Carta para Carolina: bulimia da fome

Carta para Carolina: bulimia da fome 

Carolina, primeiramente, gostaria de falar que emocionei-me ao ler “Quarto de despejo” e ontem li o conto “Favela” que me fez ver as mulheres da minha vida em você. Atualmente estou lendo “Diária de Bitita” e agradeço por compartilhar sua escrevivência e proporcionar fortalecimentos à outras mulheres pretas e faveladas com inspirações. Partilho com você minha escrevivência inspirada em sua poesia. Essa história aconteceu três décadas depois de sua morte, num período em que o Brasil foi governado por alguém que já passou fome.

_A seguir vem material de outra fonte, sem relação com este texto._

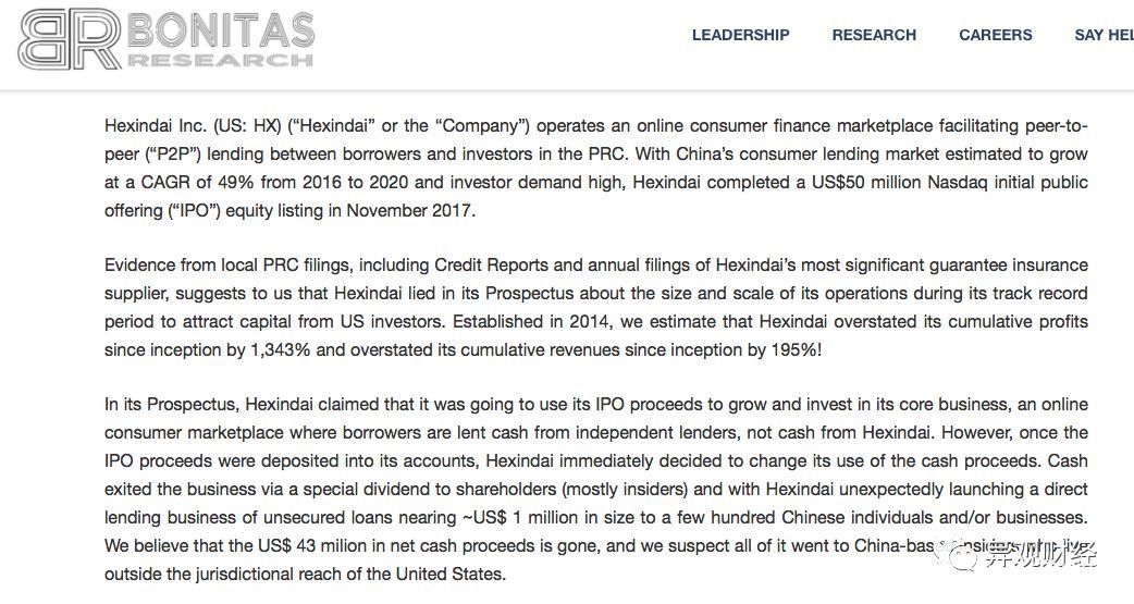 1月15日,做空機構Bonitas Research官網發(fā)布《和信貸=欺詐》報告,稱和信貸利用偽造的財務報表進行有預謀的欺詐行為,以便從美國投資者的口袋中掏取現金轉移到中國的內部人士手中。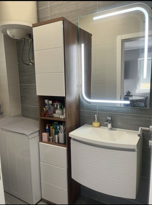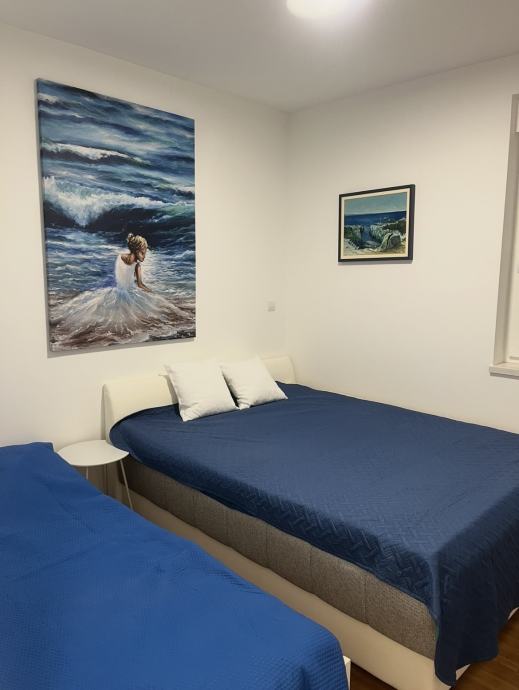 2025. god. je postavljena nova perilica suđa, dva nova televizora u dnevnoj sobi i spavaćoj sobi, novi frižideri (drugi frižider je u ostavi), novi umivaonik u kupaoni, novi kupaonski ormarić, novo ogledalo i nove slavine u kupaoni i kuhinji. U sobama dva nova ugradbena ormara, u manjoj sobi novi bračni krevet i novi ugradbeni ormar. U većoj sobi je bračni krevet plus krevet za jednu osobu i novi ugradbeni ormar, novi televizor. Nove tende na balkonu, novi stol i stolice na balkonu i u dnevnom boravku. Do plaže Babe i plaže Primorska ulica nema uspona pa je idealno za starije i/ili obitelj s djecom. Uređenom šetnicom do centra Novalje, dućana (Plodine, Konzum, Tommy, Studenac, Bipa…), restorana i ostalih sadržaja je 10 minuta hoda. Apartman prodaje vlasnik.

Carolina, diz que a história de bulimia que se encontra aqui é um pouco diferente das bulimias que se encontram nas gerações de emissoras de TVs. Mas a televisão talvez tenha sido a principal causa deste causo, não sei. Depois tudo só desandou, conforme a dita realidade econômica de anarquistas das favelas do sertão do Ceará. O nome dela era Cafusa, como várias outras Cafusas existentes naquela época. De cabelo ruim, olhos grandes e bucho quebrado. Mas haviam os que elogiavam: "rai ficá bunita quando crescê em, essa tua fia!? A cô da pele dela é a mar bunita que rá vi". Cafusa sempre era elogiada pelos amigos de seus pais, mas nunca por seus amores platônicos de escola, ou por suas paixões por homens mais velhos que nem a notavam. Ela começava a começar a desenvolver vaidades daquelas moças de televisão: louras, da bundona e de barriga... Que barriga? Elas simplesmente eram esbeltas e perfeitas, notou. Foi a primeira vez que Cafusa correu pra frente do espelho e se percebeu se olhando de lado. Então olhou pra TV e depois pro espelho. Forçou a barriga pra dentro até ficar estambuda e seu rosto acendeu-se ao perceber que poderia ficar como aquelas garotas se seu bucho sumisse, mas logo faltou o ar e lá estava o encosto imperfeito de novo.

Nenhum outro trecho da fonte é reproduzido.